This manuscript explores the challenges facing oral health in Africa and proposes a collaborative framework for strengthening oral health systems in Africa. It examines the potential roles of various stakeholders in addressing current gaps and highlights strategies to harness resources effectively. Building a resilient oral healthcare system in Africa requires a multi-faceted approach that acknowledges local expertise, enhances community engagement, and supports evidence-based policy development, positioning oral health as a critical priority within Africa's public health agenda.

Prevalent oral health conditions in Africa

The most common oral diseases in Africa are heavily influenced by factors such as limited access to oral healthcare, poor oral hygiene, inadequate public health education, and systemic socioeconomic challenges. One of these is dental caries. Dental caries is highly prevalent among children and adults in Africa. Studies indicate that dental caries affect deciduous and permanent teeth across various populations. In 2019, 28.5% of the population in the WHO African Region had untreated caries of permanent teeth, and 38.6% of children aged 1–9 years had untreated caries of deciduous teeth (4). In addition, up to 36% of children aged 12 in Africa have dental caries (5). Furthermore, 2.8% of persons aged 15 years suffered from severe periodontal disease, and between 0.4 and 6.6 per 100,000 people had cancers of the lip and oral cavity in 2020 (4).

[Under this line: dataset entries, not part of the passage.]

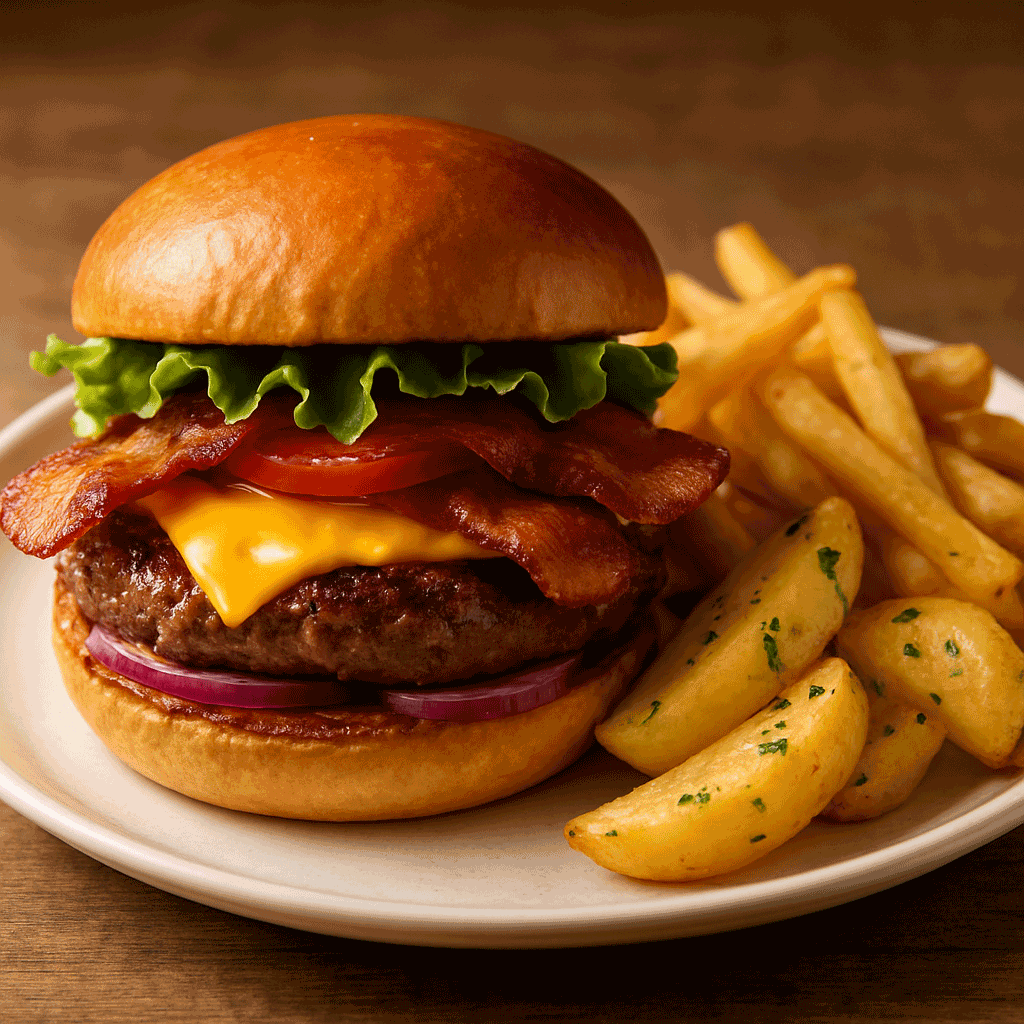 A classic done right. Choose a juicy 7 oz. Angus beef patty or an 8 oz. grilled chicken breast, cooked to perfection and topped with American and cheddar cheeses. Finished with fresh tomato, crisp lettuce, and sliced onions, this hearty burger delivers timeless American flavor with a satisfying, made-to-order bite.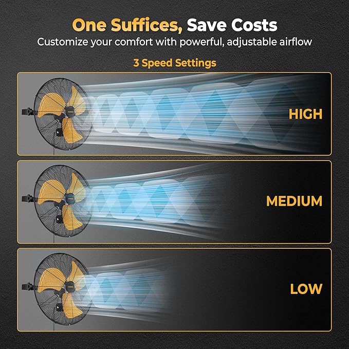 - High-Efficiency Ventilation: 30ft airflow (50% farther than others) and 360° rotation ensure no ventilation dead zones. This 3-speeds wall mounted fan adapts to diverse scenarios, balancing airflow and energy consumption. The aerodynamic blade design enhances efficiency, making it a good choice for garage fans, greenhouse fans, and workshop cooling.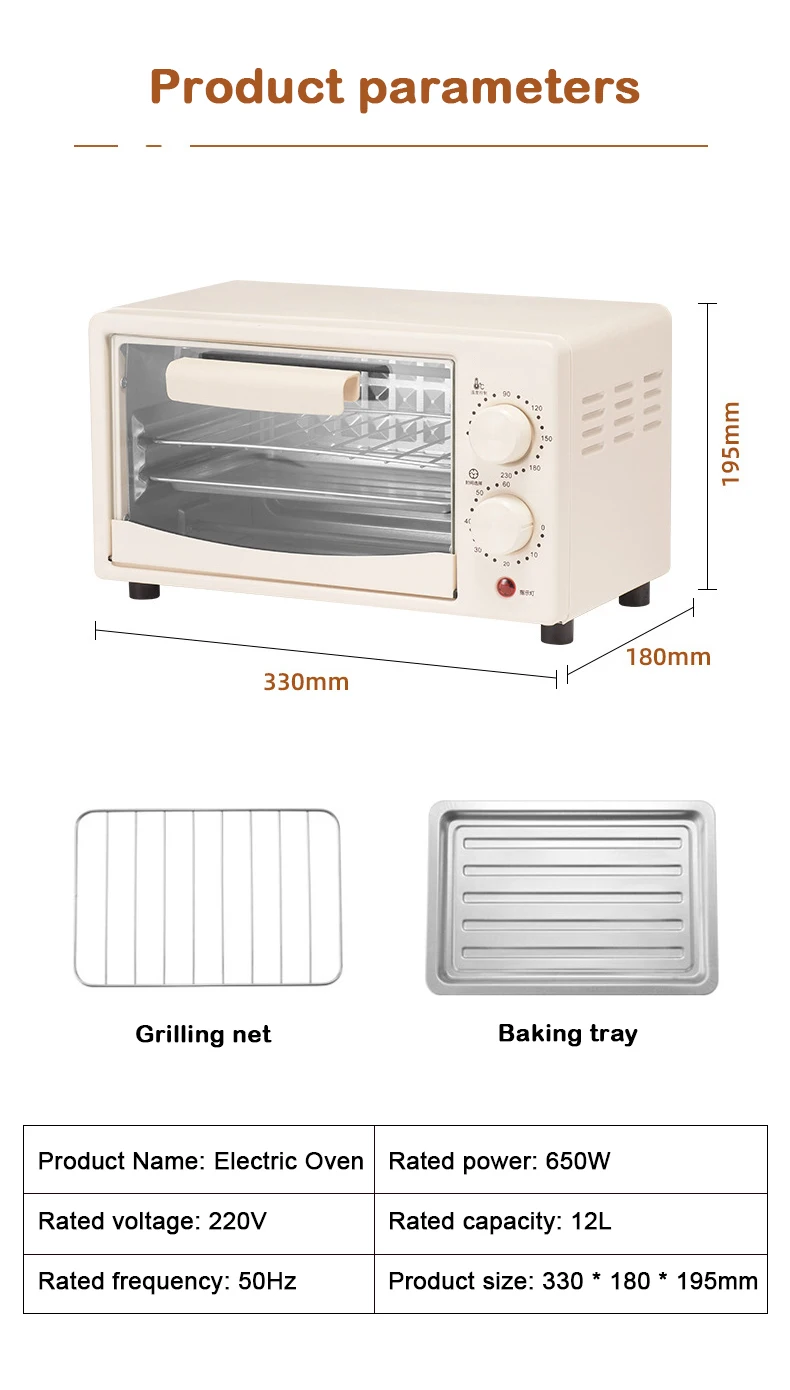 Mini Electric Oven Multifunction Timer Making Biscuits Bread Cake Pizza Cookies Baking Machine Toaster 12 Liter Barbecue Grill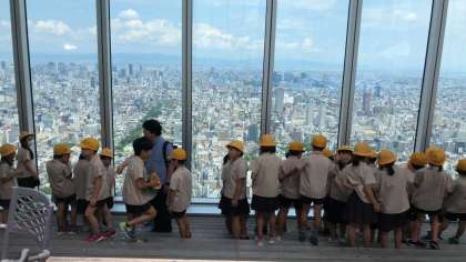 今日3年生はハルカスと阿倍野防災センター「タスカル」へ社会見学に行きました。よいお天気で東西南北すべての方角とも大阪の街がよく見えました。面白いことに同じ大阪なのに方角が違うだけで風景は全然異なるのですね。

The burden of prevalent oral diseases in Africa is high, as seen in Table 1. The data was extracted from the 2022 Global Oral Health Status Report (6). We divided the African countries into five regions following the African Union classification: Northern, Southern, Eastern, Western, and Central Africa (7). The table presents the burden of three major oral diseases: untreated caries in permanent teeth, severe periodontal disease, and lip and oral cavity cancer (6). We calculated the mean (SD) or median (interquartile range) of the countries for each region using the values reported in the Global Oral Health Status Report (6).

Table 1.

Burden of major oral diseases in Africa.

Regions Prevalence of untreated caries of permanent teeth in people 5+ years (%) Mean (SD) Prevalence of severe periodontal disease in people 15+ years (%) Mean (SD) Lip and oral cavity cancer (Number of new cases) Median (IQR)
Northern Africa (n = 7) 33.72 (2.88) 18.4 (5.07) 269.5 (58.25, 878)
Central Africa (n = 9) 29.48 (1.49) 24.47 (3.52) 71 (20.75, 200.75)
Southern Africa (n = 10) 31.47 (3.86) 22.53 (2.4) 116.5 (52.25, 316.25)
Eastern Africa (n = 14) 30.54 (4.23) 18.71 (4.45) 175 (52, 522.5)
Western Africa (n = 15) 30.29 (3.51) 26.75 (4.5) 74 (36, 181)

SD, standard deviation; IQR, Inter-quartile ratio.

The prevalence of untreated caries in permanent teeth for people aged 5+ years is highest in Northern Africa (33.72%; SD: 2.88), followed by Southern Africa (31.47%; SD: 3.86), and lowest in Central Africa (29.48%; SD: 1.49). The overall prevalence of untreated caries in permanent teeth across the continent suggests this condition is widespread.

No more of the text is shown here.